Saturday 7 January 2012

The Louvin Brothers-Satan Is Real


The Louvin Brothers were a country duo hailing from Alabama, brothers Charlie and Ira Loudermilk began their career in the late 1940's heavily influenced by gospel music, traditional country and bluegrass music. From 1955 through until 1963 the duo were a permanent fixture on the country charts and were popular members of the Grand Ole Opry. They cut some great singles on MGM and Capitol, their Capitol recordings were their most successful including You're Running Wild, When I Stop Dreaming and the C&W number 1 I Don't Believe You've Met My Baby.

Their most significant recording and probably their most influential was the album Satan Is Real which was released in November 1959. In the words of Bob Dylan this album resonates with stark beauty, for me it's beauty comes equally from it's tortured tone and it's redemptive pursuit. The Louvin Brothers are compelling in their ability to convey the message of belief in a higher power and the pervasiveness of a darker force. The album is uncompromising in it's message, it's a personal and quite moving record. The title track is simply amazing the brothers' voices so impassioned, the opening chorus is followed by a sermon delivered by Ira demanding that we recognise the existence of darker forces. There's A Higher Power is joyful and optimistic, rejoicing in the knowledge of a higher power, A Christian Life celebrates the choice of pious living whilst despairing that others haven't joined the narrators path.

Songs like The Kneeling Drunkards Plea, The Drunkards Doom and Satan's Jeweled Crown set themselves apart from other gospel songs in that they reflected a darkness and a sense of hopelessness whilst also offering a sense of redemption and a way forward through the Christian spirit. I'm not religious I find the album powerful in it's message of hope, that the human spirit can reach low depths but there is always a way forward and I think that sense of hope that dwells in these songs transcends religion.

One of the most interesting aspects of the album is the album cover, designed by Ira Louvin it features a 12 foot plywood rendition of the devil, the brothers are surrounded by rocks and apparently hidden tyres that have been soaked in kerosene and set on fire.

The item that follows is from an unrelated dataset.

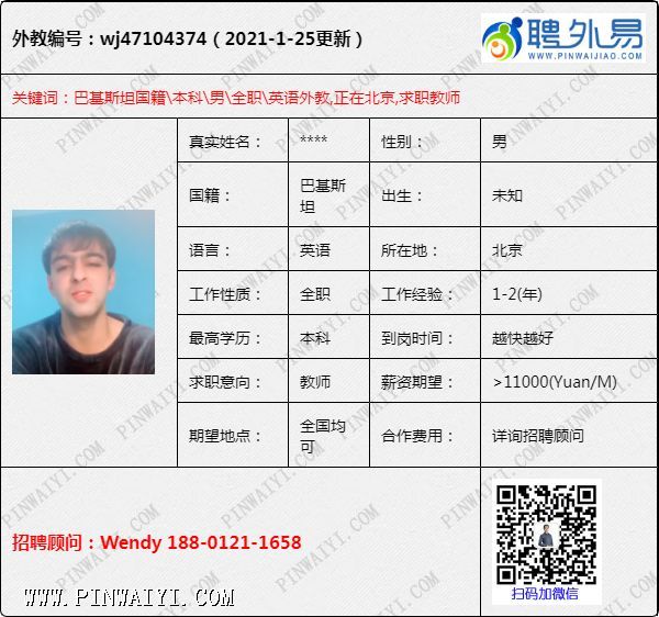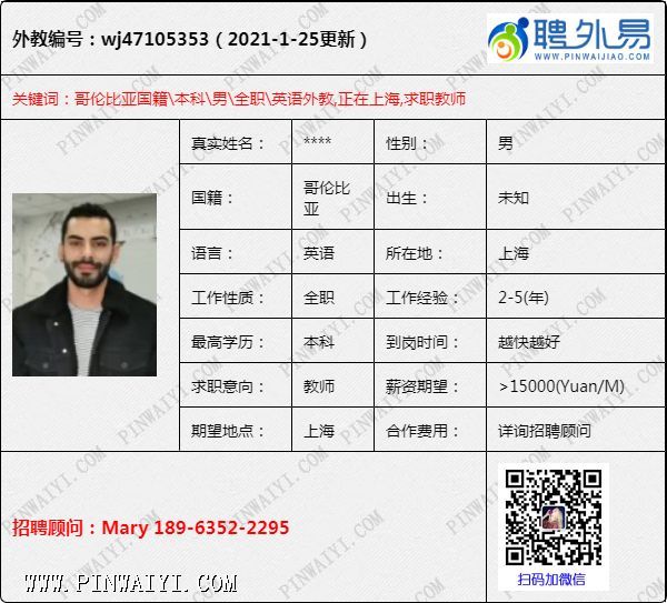 俄罗斯男,本科,两年上海教学经验,一年合肥,工签转(2021.06),求职上海,目前在合肥,5月结束合同到岗

I heard somewhere I think it may have been on Bob Dylans' Theme Time Radio show that it started to rain and the kerosene soaked rocks started to explode! The influence of the album spread into the mainstream in the late 60's when The Byrds covered The Christian Life for their Sweetheart of the Rodeo album in 1968. Another interesting side fact is that Ira and Charlie's cousin was famed Nashville songwriter John D Loudermilk.